How you answer these questions will change what type of scraping architecture we build.

For this Amazon scraper example we will assume the following:

Objective: The objective for this scraping system is to monitor product rankings for our target keywords and monitor the individual products every day.
Required Data: We want to store the product rankings for each keyword and the essential product data (price, reviews, etc.)
Scale: This will be a relatively small scale scraping process (handful of keywords), so no need to design a more sophisticated infrastructure.
Data Storage: To keep things simple for the example we will store to a CSV file, but provide examples on how to store to MySQL & Postgres DBs.

To do this will design a Scrapy spider that combines both a product discovery crawler and a product data scraper.

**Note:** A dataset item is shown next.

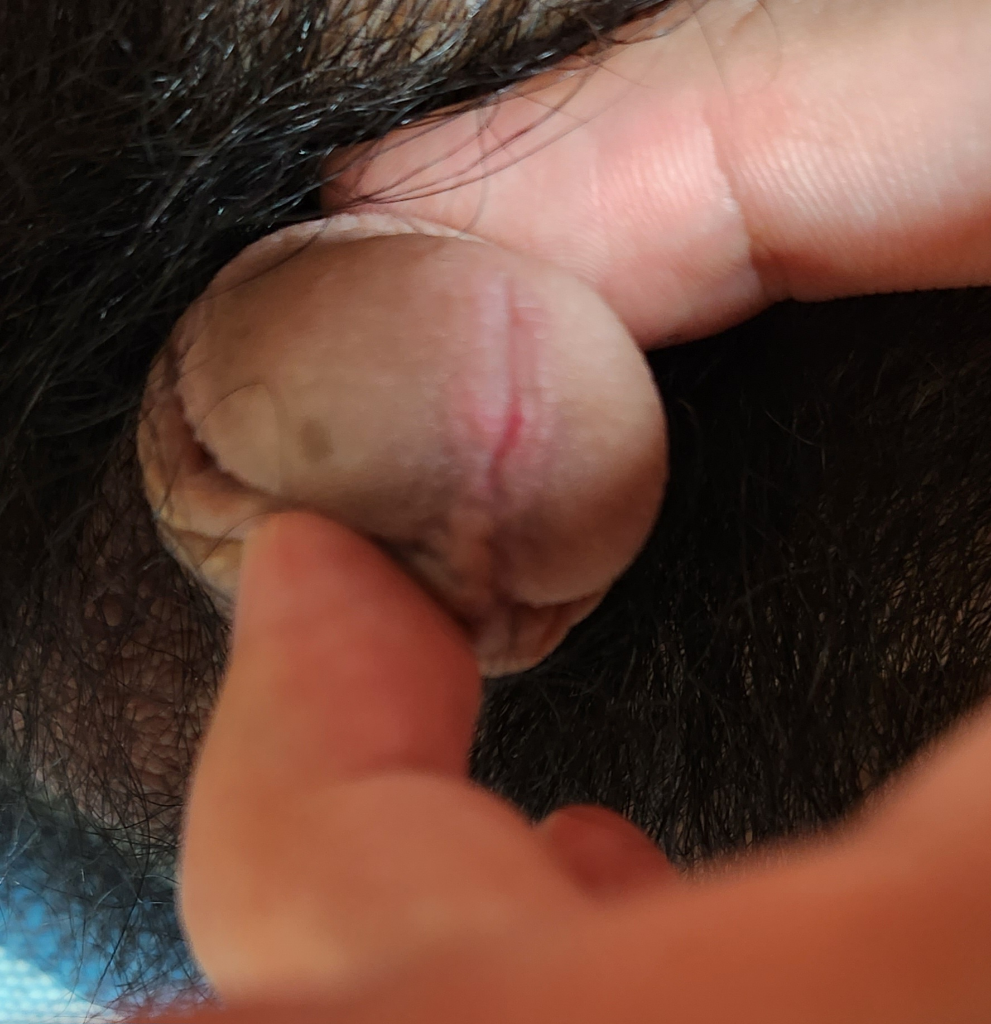 요도염일수있거나 비벼져서 생긴 상처일수있습니다. 손닿게 하지말고 단순히 경과관찰을 하셔도 좋을것 같습니다.
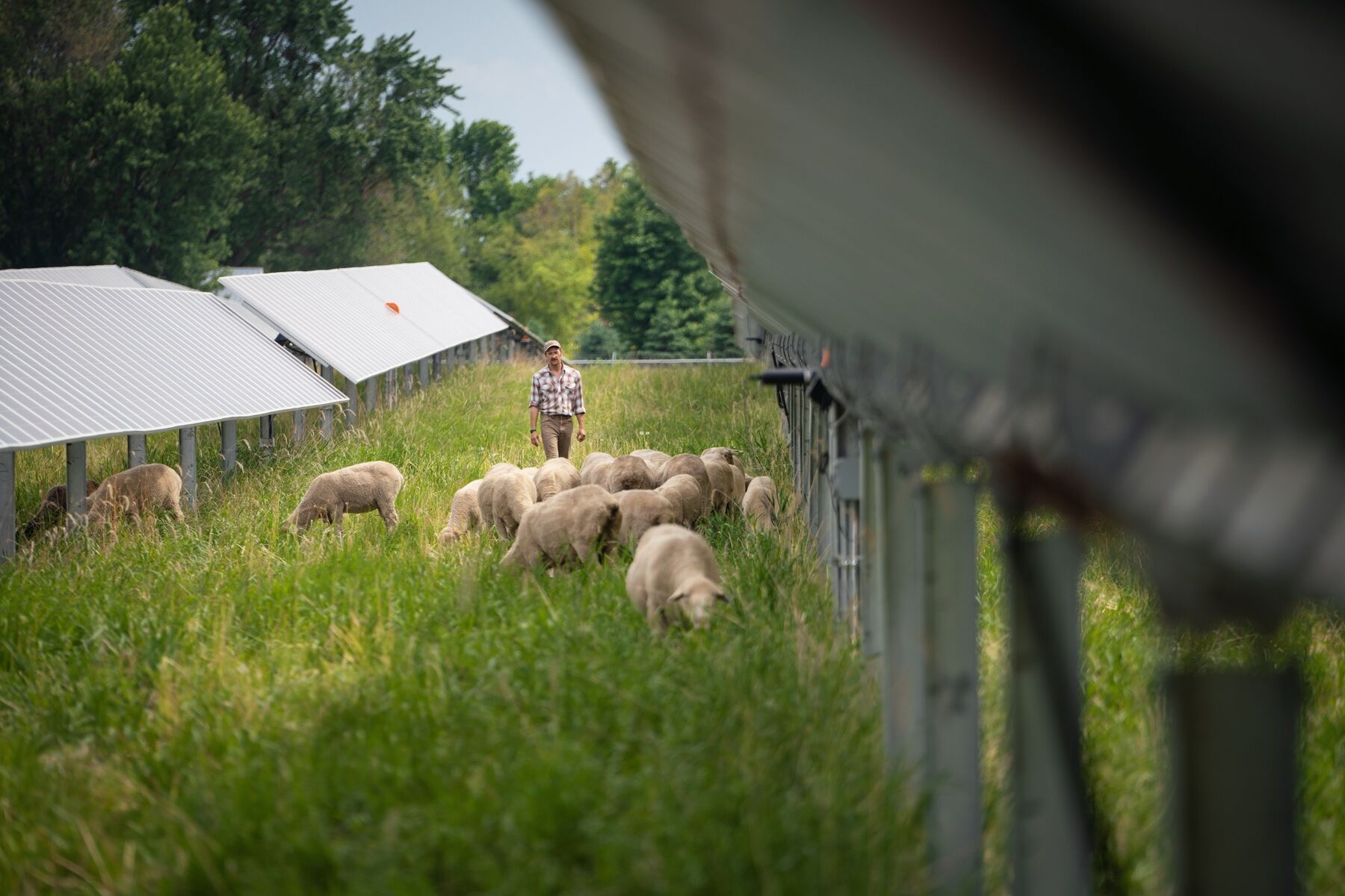 А вот овцы – идеальный компромисс. Они не слишком крупные, не слишком шустрые, уважают конструкции, щиплют аккуратно. Им удобно под панелями: есть тень, нет жары, трава мягкая. И они прекрасно приучаются к маршрутам и зонам.

As the spider runs it will crawl Amazon's product search pages, extract product URLs and then send them to the product scraper via a callback. Saving the data to a CSV file via Scrapy Feed Exports.

The advantage of this scraping architecture is that is pretty simple to build and completely self-contained.

How To Build a Amazon Product Crawler

The first part of scraping Amazon is designing a web crawler that will build a list of product URLs for our product scraper to scrape.

Step 1: Understand Amazon Search Pages

With Amazon.com the easiest way to do this is to build a Scrapy crawler that uses the Amazon search pages which returns up to 20 products per page.

For example, here is how we would get search results for iPad.

'https://www.amazon.com/s?k=ipad&page=1'

This URL contains a number of parameters that we will explain:

k stands for the search keyword. In our case, k=ipad. Note: If you want to search for a keyword that contains spaces or special characters then remember you need to encode this value.
page stands for the page number. In our cases, we've requested page=1.

Using these parameters we can query the Amazon search endpoint to start building a list of URLs to scrape.

To extract product URLs (or ASIN codes) from this page, we need to look through every product on this page, extract the relative URL to the product and the either create an absolute product URL or extract the ASIN.

Alternatively Use Amazon ASINs

The alternative approach is to crawl Amazon for ASIN (Amazon Standard Identification Number) codes. Every product listed on Amazon has its own unique ASIN code, which you can use to construct URLs to scrape that product page, reviews, or other sellers.

For example, you can retrieve the product page of any product using its ASIN:

## URL Structure
'https://www.amazon.com/dp/ASIN'

## Example
'https://www.amazon.com/dp/B09G9FPHY6'

Step 2: Build Amazon Search Crawler

The first thing we need to do is to build a Scrapy spider that will send a request to the Amazon Search page, and paginate through every available results page.

Here is an example Python Scapy crawler that will paginate through each page of search results for each keyword in our keyword_list.

import json
import scrapy
from urllib.parse import urljoin
import re

class AmazonSearchProductSpider(scrapy.Spider):
    name = "amazon_search_product"

    def start_requests(self):
        keyword_list = ['ipad']
        for keyword in keyword_list:
            amazon_search_url = f'https://www.amazon.com/s?k={keyword}&page=1'
            yield scrapy.Request(url=amazon_search_url, callback=self.discover_product_urls, meta={'keyword': keyword, 'page': 1})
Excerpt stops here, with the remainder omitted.